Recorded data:
-=-=-
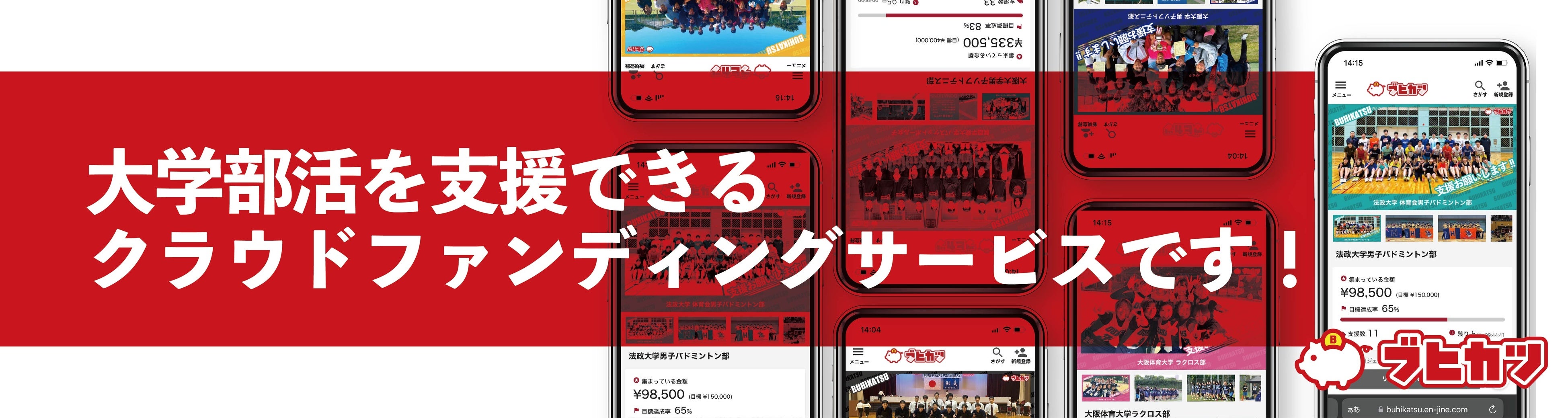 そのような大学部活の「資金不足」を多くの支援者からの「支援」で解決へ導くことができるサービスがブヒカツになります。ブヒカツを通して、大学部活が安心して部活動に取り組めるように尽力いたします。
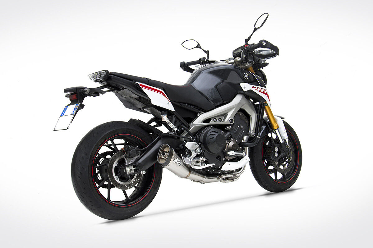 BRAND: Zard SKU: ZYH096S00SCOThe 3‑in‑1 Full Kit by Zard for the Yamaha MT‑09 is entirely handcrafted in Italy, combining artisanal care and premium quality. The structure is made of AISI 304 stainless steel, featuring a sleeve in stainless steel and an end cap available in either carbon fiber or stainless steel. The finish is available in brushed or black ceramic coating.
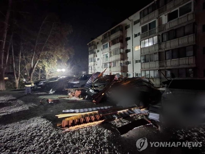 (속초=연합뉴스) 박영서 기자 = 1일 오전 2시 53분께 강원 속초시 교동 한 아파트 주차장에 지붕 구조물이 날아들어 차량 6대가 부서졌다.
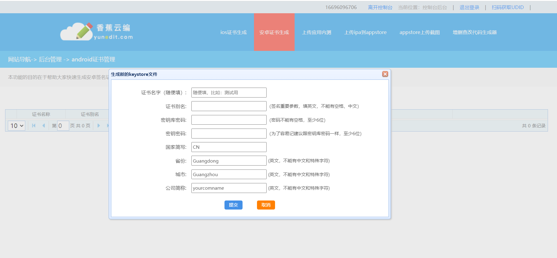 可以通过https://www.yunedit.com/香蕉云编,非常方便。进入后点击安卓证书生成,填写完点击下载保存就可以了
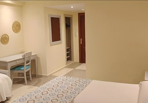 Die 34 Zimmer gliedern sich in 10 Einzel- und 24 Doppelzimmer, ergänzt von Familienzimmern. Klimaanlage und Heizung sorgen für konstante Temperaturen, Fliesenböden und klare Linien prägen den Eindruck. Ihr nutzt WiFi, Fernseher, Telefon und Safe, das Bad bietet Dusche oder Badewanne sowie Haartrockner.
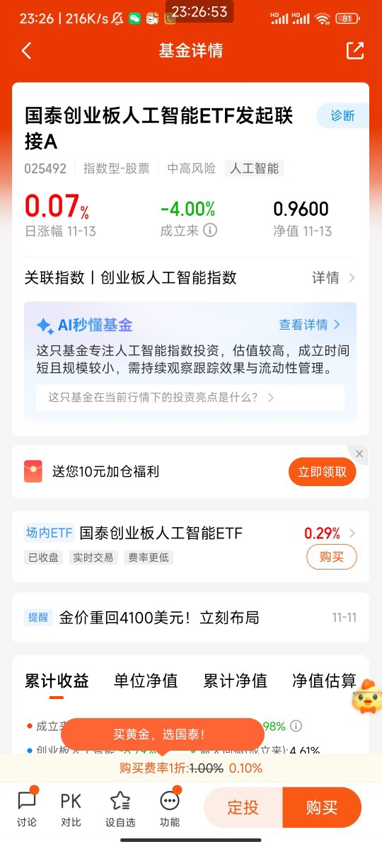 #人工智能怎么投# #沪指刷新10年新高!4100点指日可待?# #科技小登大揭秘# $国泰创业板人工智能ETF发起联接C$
-=-=-
* [WORK INSTRUCTIONS]: Copy every record exactly as it appears, apart from any pictures.

* [PROBLEM SOLUTION]:
 そのような大学部活の「資金不足」を多くの支援者からの「支援」で解決へ導くことができるサービスがブヒカツになります。ブヒカツを通して、大学部活が安心して部活動に取り組めるように尽力いたします。
 BRAND: Zard SKU: ZYH096S00SCOThe 3‑in‑1 Full Kit by Zard for the Yamaha MT‑09 is entirely handcrafted in Italy, combining artisanal care and premium quality. The structure is made of AISI 304 stainless steel, featuring a sleeve in stainless steel and an end cap available in either carbon fiber or stainless steel. The finish is available in brushed or black ceramic coating.
 (속초=연합뉴스) 박영서 기자 = 1일 오전 2시 53분께 강원 속초시 교동 한 아파트 주차장에 지붕 구조물이 날아들어 차량 6대가 부서졌다.
 可以通过https://www.yunedit.com/香蕉云编,非常方便。进入后点击安卓证书生成,填写完点击下载保存就可以了
 Die 34 Zimmer gliedern sich in 10 Einzel- und 24 Doppelzimmer, ergänzt von Familienzimmern. Klimaanlage und Heizung sorgen für konstante Temperaturen, Fliesenböden und klare Linien prägen den Eindruck. Ihr nutzt WiFi, Fernseher, Telefon und Safe, das Bad bietet Dusche oder Badewanne sowie Haartrockner.
 #人工智能怎么投# #沪指刷新10年新高!4100点指日可待?# #科技小登大揭秘# $国泰创业板人工智能ETF发起联接C$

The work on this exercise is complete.